In 1973, he left the world of commercial illustration and concentrated on producing wildlife oil paintings. Also that year he started a business relationship with Frame House, a publisher of wildlife prints. His first two limited edition print releases, African Lion and Tiger, sold out shortly after release. In 1974, he relocated Nashville, Tennessee, and embarked on a five-week trip to Africa, where he refined his skill in painting big cats, which became one of the hallmarks of his work. Early in his career, Frace adopted a principle called "the Three A's, in which he demands of himself that his paintings be Artistic, Alive, and Accurate".

Over the next two decades, over 100 of Fracé's paintings were issued as limited edition prints, making him one of the most successful wildlife artists of all time.

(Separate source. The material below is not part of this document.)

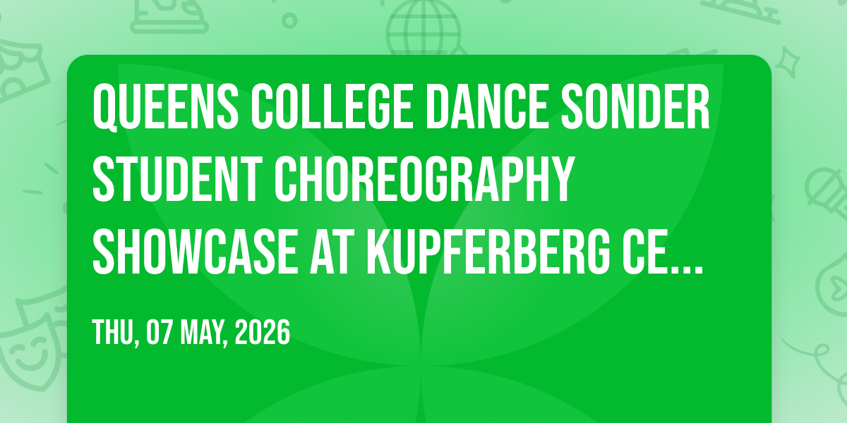 ✨ Experience the magic of Queens College Dance Sonder Student Choreography Showcase at Kupferberg Center - Goldstein Theatre, where moments become memories that last a lifetime! 🏛️ The iconic Kupferberg Center - Goldstein Theatre in Flushing, NY sets the perfect stage for an unforgettable celebration on May 7th, 2026 at 07:00 PM. 🌟 It's been a curated experience that brings together the best of entertainment and innovation, creating an atmosphere of wonder and excitement. From the moment you arrive, you'll be immersed in a world where the ordinary transforms into the extraordinary. 🎊 Book early to secure your place in what promises to be an event that will be talked about for years to come!
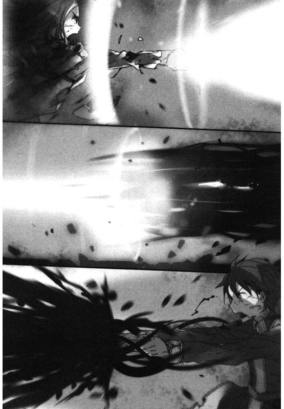 伴著「啪——」的一声连地板都为之震动的巨响,白色的光枪被撕裂成了无数细流,突破了之前的均衡再次向前突进的,是桐人的黑色巨树。

By the early 1980s, Fracé was described as "America's premier wildlife artist". A 1981 article described his "stature as a painter of the world's most beautiful animals is virtually unrivaled", and noted that "Fracé never paints an animal he has not seen for himself or touched with his own hand". He was commissioned to paint the official portrait of 9Lives mascot Morris the Cat in 1976, and by the National Retriever Club to paint their 1983 stamp print.

In 1982, Fracé was profiled in the book, The Art of Charles Fracé, and a much more substantial profile, Nature's Window—Charles Fracé, was published in 1992. His work was also profiled in magazines including U.S. Art and Wildlife Art News. Fracé's paintings have been highlighted as exemplary of techniques used to capture difficult features such as the dense fur of the grizzly bear, and the feathers of birds in flight. In 1987, Fracé established The Fracé Fund For Wildlife Preservation, a charitable fund supporting wildlife organizations. Their first donations was of trees and foliage plants to Zoo Atlanta.

In 1991, he was selected as one of four inaugural members of U.S. Art magazine's "Artists' Hall of Fame", and from November 1992 to May 1993, the Smithsonian Institution's National Museum of Natural History in Washington, D.C., hosted a one-man exhibition of his work, The American Wildlife Image and Charles Fracé, that featured over 36 of his paintings.

== Selected recognition and awards ==
- 1978: Who's Who in American Art - R. R. Bowker Co.
- 1981: Contemporary Personages Encyclopedia - Academia Italia delle Arti e del Lavaro, Parma, Italy
- 1982: Denver Museum of Natural History, Denver, CO - Special Award of Merit for Cougar

==Personal life and death==
Fracé and his wife Elke had two sons, Jeffrey and Roger. Fracé died in Nashville, Tennessee, where he had lived since 1974, at the age of 79.